Flowable: Capable of flowing or being flowed, e.g., from one container to another.

Fluidize: Cause a finely divided solid to acquire the characteristics of a fluid by passing a gas upward through it.

Foreign metal: As used herein, the term "foreign metal" refers to any metal or metalloid other than silicon. Mass flow rate: The mass of a substance which passes per unit of time. As used herein, mass flow rate is reported in units of kg/hour, m:

m = dm/dt.

Reaction-bonded silicon carbide (RBSiC): Reaction-bonded silicon carbide may be produced by reacting porous carbon or graphite with molten silicon. Alternatively, RBSiC may be formed by exposing a finely divided mixture of silicon carbide and carbon particles to liquid or vaporized silicon at high temperatures whereby the silicon reacts with the carbon to form additional silicon carbide, which bonds the original silicon carbide particles together. Where contamination is a concern, the liquid or vaporized silicon may be solar-grade or electronic-grade silicon. RBSiC often contains a molar excess of unreacted silicon, which fills spaces between silicon carbide particles, and may be referred to as "siliconized silicon carbide." In some processes, a plasticizer may be used during the manufacturing process and subsequently burned off.

Solar-grade silicon: Silicon having a purity of at least 99.999 wt% atomic. Furthermore, solar-grade silicon typically has specified concentrations of elements that affect solar performance. According to Semiconductor Equipment and Materials International (SEMI) standard PVO 17-0611 , solar-grade silicon may be designated as grade I-IV. For example, Grade IV solar-grade silicon contains < 1000 ppba acceptors (B, Al), < 720 ppba donors (P, As, Sb), < 100 ppma carbon, < 200 ppba transition metals (Ti, Cr, Fe, Ni, Cu, Zn, Mo), and < 4000 ppba alkali and earth alkali metals (Na, K, Ca). Grade I solar-grade silicon contains < 1 ppba acceptors, < 1 ppba donors, < 0.3 ppma C, < 10 ppba transition metals, and < 10 ppba alkali and earth alkali metals.

Surface contamination: Surface contamination refers to contamination (i.e., undesired elements, ions, or compounds) within surface layers of a material, such as a silicon carbide segment. Surface layers include the outermost atomic or molecular layer of the material as well as atomic/molecular layers extending inwardly to a depth of 25 μπι in the material.

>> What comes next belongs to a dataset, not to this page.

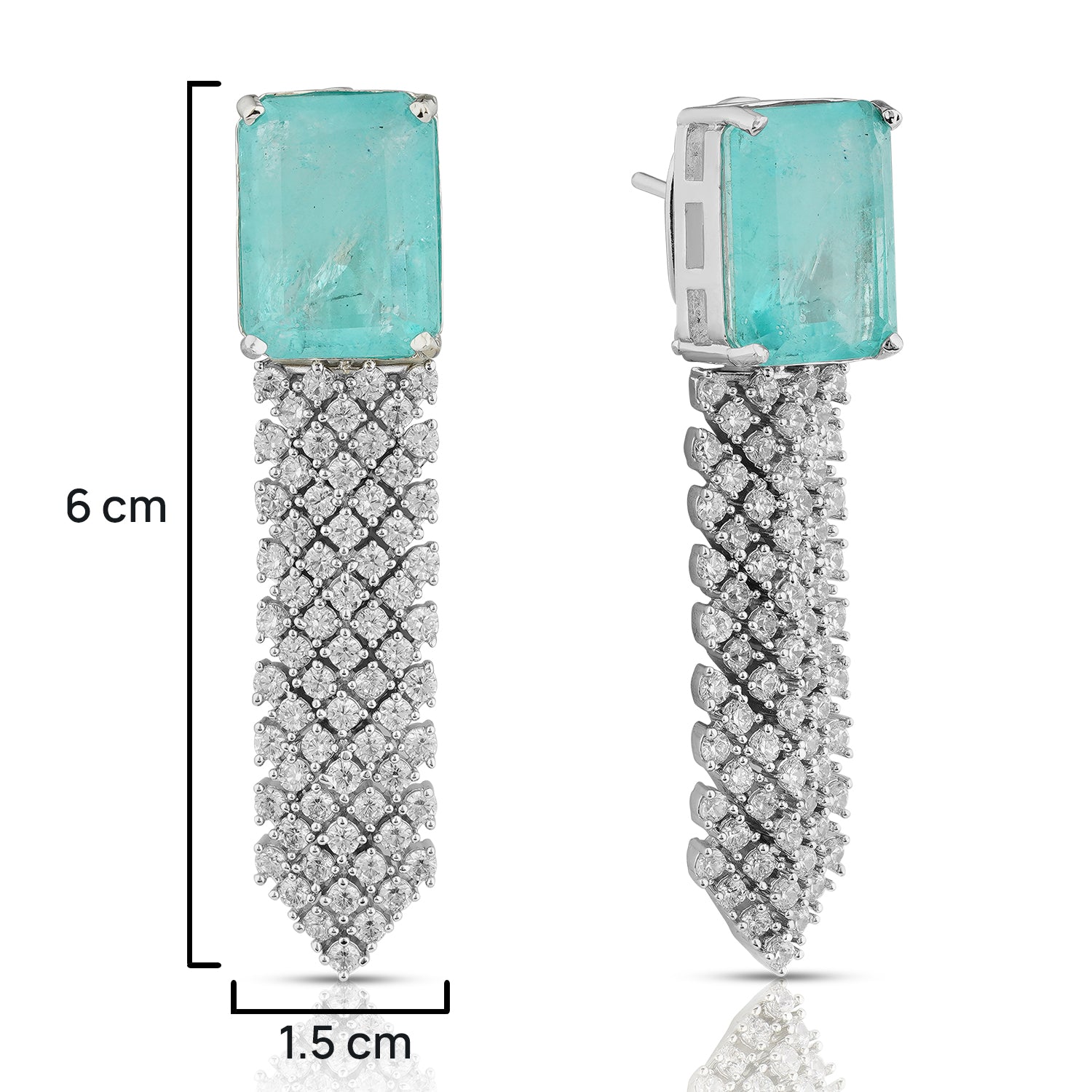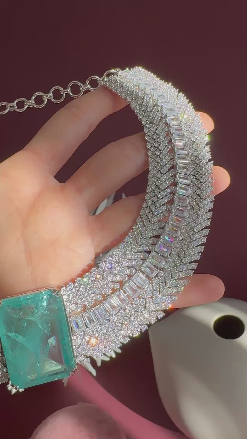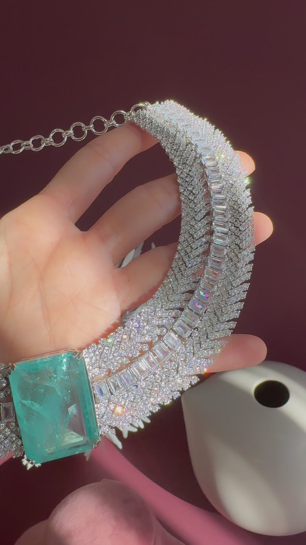 The Freya Necklace Set whispers of ocean tides and celestial skies — a vision carved in light. Its centrepiece, an aqua-hued emerald-cut stone, radiates serenity and strength, capturing the tranquillity of waters kissed by dawn. Encircling it are immaculate rows of baguette and pavé-set CZ stones, woven in patterns reminiscent of armour crafted for queens of old.

Surface contamination may be determined by any suitable method including, but not limited to, scanning electron microscopy, energy dispersive x-ray spectroscopy, or secondary ion mass spectrometry.

Transient time: As used herein, transient time refers to the time required for silicon at the central axis of an annealing tube to reach the desired temperature. In some embodiments, transient time is the time required for silicon at the center of the tube to reach a temperature of at least 900 °C. II. Annealing Device

With reference to FIGS. 1 and 2, embodiments of an annealing device 10 comprise a shell 20, one or more tubes 30, a source of an inert gas 50, and a flow-rate controller 55 for controlling a flow rate of inert gas. The shell 20 defines an interior space 21. The shell has a lower portion 22 that partially defines a lower chamber 22a, and an upper portion 27 that partially defines an upper chamber 27a. A metering device 60 is coupled to the lower portion 22 of the shell 20. In some embodiments, a source 42 of flowable, finely divided solids 40 is coupled to the upper portion 27 of the shell. The annealing device 10 may further include a receiving system 65 coupled to the metering device 60.

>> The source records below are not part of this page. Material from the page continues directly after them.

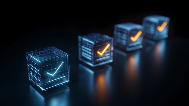 Business professional interacting with a digital interface displaying a verified checkmark and various icons representing business processes and data analysis on a tablet screen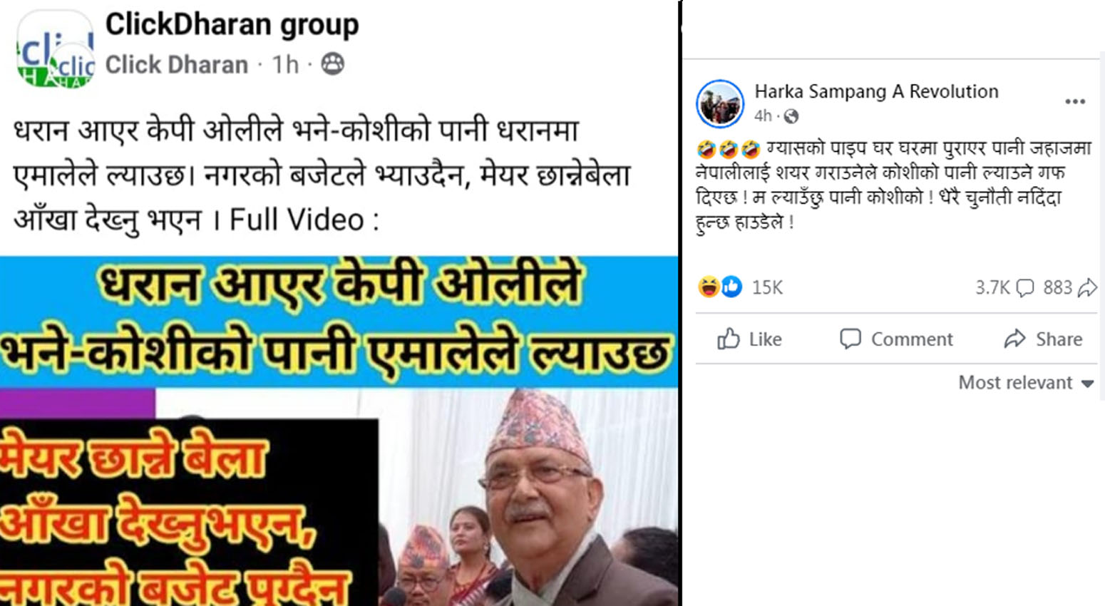 ‘यहाँका मेयरलाई खानेपानी भनेर कतिवटा घैला बोकुन विचरा ? कसको घरमा खानेपानी पुर्याउने ?’ ओलीले सभामा भनेका थिए, ‘कोशीबाट पम्पिङ गरेर पानी ल्याएर एमालेले धरानवासीलाई खुवाउँछ, तपाईंहरू ढुक्क हुनुस् ।’ ओलीले नगरको बजेटले नपुग्ने भन्दै धरानको खानेपानीका लागि राष्ट्रिय बजेट चाहिने भन्दै साम्पाङप्रति कटाक्ष पनि गरेका थिए । ‘नगरको बजेटले त्यो आयोजना हुन्छ त ? हुँदैन । तर म केही भन्दिनँ, छान्ने बेला आँखा देख्नुभएन,’ ओलीले भने, ‘त्यत्रो कोसी त्यहाँबाट बग्छ धरान काकाकुल हुने कसरी मिल्छ ? ।’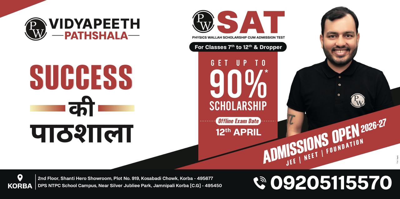कोरबा: शहर के विद्यार्थियों के लिए एक बड़ा शैक्षणिक अवसर सामने आया है। Physics Wallah Vidyapeeth Pathshala,...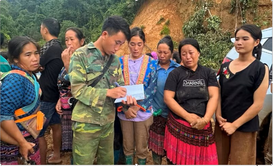| Trưởng bản Mùa A Thi thống kê thiệt hại của từng gia đình trong bản do ảnh hưởng lũ quét xảy ra rạng sáng 1-8-2025. Ảnh do nhân vật cung cấp |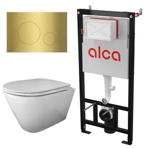 RAK Ceramics RESORT Miska WC podwiesz. Rimless 52x36 cm biały połysk ze stelażem i przyciskiem Przycisk THIN Złoty Połysk Alcadrain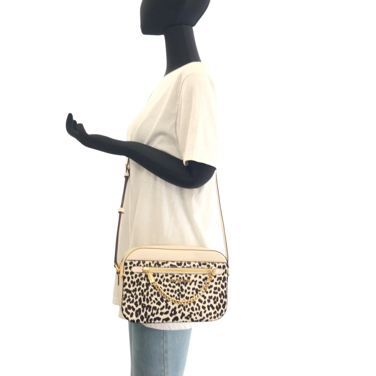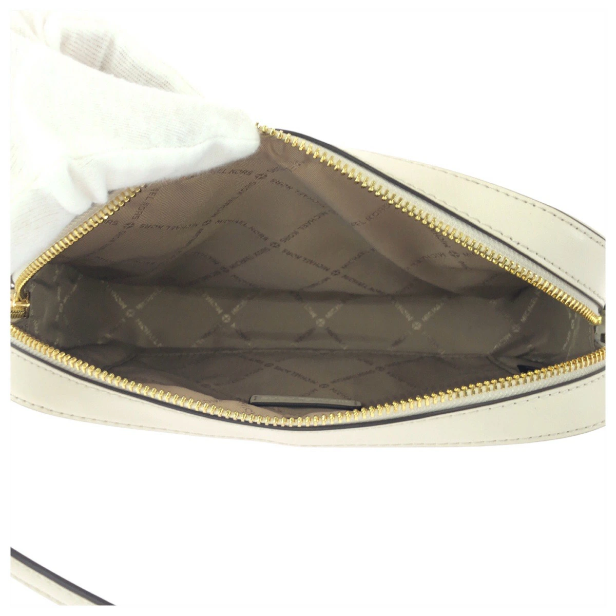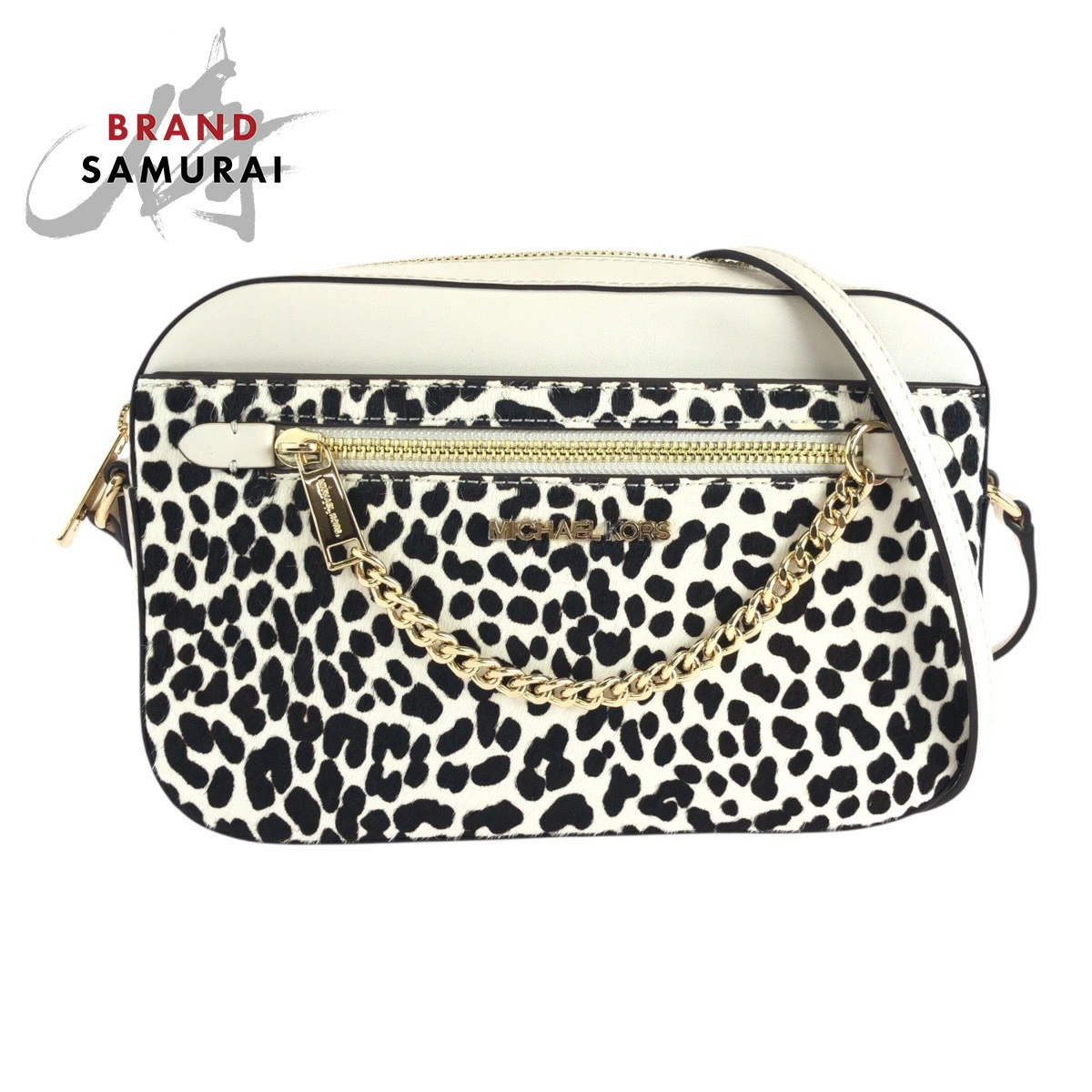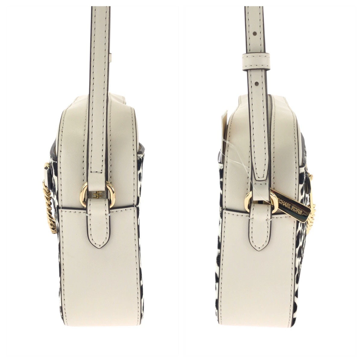 Brand new, unused Michael Kors white pony/leather shoulder bag with gold hardware, 502728 (pre-owned)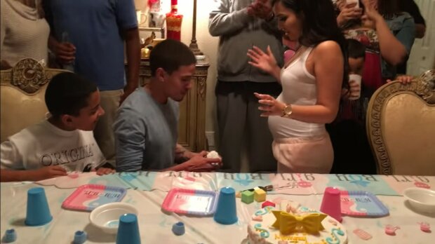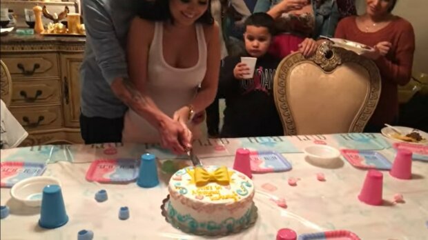 Při této příležitosti uspořádali Dinahleigh a Anthony párty pro rodinu a přátele. Rozhodli se, že chtějí společně s nimi zjistit pohlaví svého dítěte. Po návštěvě ultrazvuku si vzali snímek s popisem vyšetření a doručili jej do cukrárny, která měla připravit speciální dort, v němž mělo být ukryto řešení hádánky. Pokud by to měla být holčička, dort by byl uvnitř růžový, v případě chlapce zas modrý.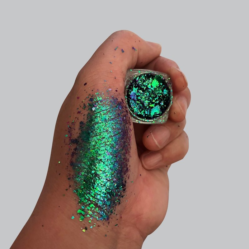 - Perfect Color Shifting — our duochrome flakes are out of this world! When viewed head on there only appears to be one color, however, color shifts become visible when viewed at different angles on a rounded surface (such as an eyelid) and in different lighting. Truly the magnitude of these pigments cannot be portrayed through photos alone!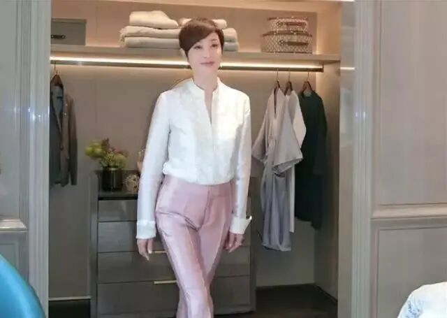 虽然说她的头发比较短,但是感觉整个人的精神状态看起来就比较有年轻人的气息,上半身穿的是一件白色的衣服,这件衣服的质地看起来也是特别的光滑,下面搭配了一条粉红色的裤子,这条裤子的颜色还是暴露了她的少女心。

The annealing device 10 includes one or more tubes 30 positioned in the interior space 21 defined by the shell 20. In some embodiments, the annealing device 10 includes one or more tubes 30 arranged within the shell 20. In some embodiments, the tubes 30 are arranged in parallel within the shell 20. Each tube 30 defines a passageway 32 having an inner diameter IDT, a central axis A _T , an open upper end 32a and an open lower end 32b. Each tube 30 has a heating zone 30a and a residence zone 30b located below the heating zone 30a. A heating boundary 34 is present between the heating zone 30a and the residence zone 30b. Each tube 30 may further comprise a cooling zone 30c located below the residence zone 30b. A cooling boundary 36 is present between the residence zone 30b and the cooling zone 30c. The tube 30 has a length LT. In some embodiments, the tube has a length to inner diameter (L _T :ID _T ) ratio equal to or greater than 15, such as a ratio > 20, or a ratio > 25. The number of tubes in the annealing device depends, at least in part, on the tube dimensions, the shell dimensions, and a desired capacity of the annealing device. In some embodiments, the annealing device includes at least two tubes, at least five tubes, or at least ten tubes. The annealing device may include, for example, 2-50 tubes, 5-50 tubes 10-40 tubes, or 10- 30 tubes.

The shell 20 may be constructed of any material suitable for the operating conditions of the annealing device 10. Advantageously, the material is non-contaminating at the operating temperatures of the annealing device. In some embodiments, the material does not release undesirable levels of boron, aluminum, or phosphorus at the operating temperature of the annealing device. Suitable materials include, but are not limited to, stainless steel or carbon steel. In some embodiments, at least a portion of the shell is insulated. For example, portions of the shell adjacent to the heating zone 30a and residence zone 30b of the tube(s) 30 may be surrounded by thermal insulation material. Desirably, the insulation material is a high efficiency, high temperature insulation. Suitable insulation materials may include a high-temperature blanket, preformed block, jacketed insulation, refractory brick, or other suitable insulation. In certain embodiments (e.g., if the insulation is adjacent to an inner surface of the shell), the insulation is a material that does not off-gas at operating temperatures of the annealing device.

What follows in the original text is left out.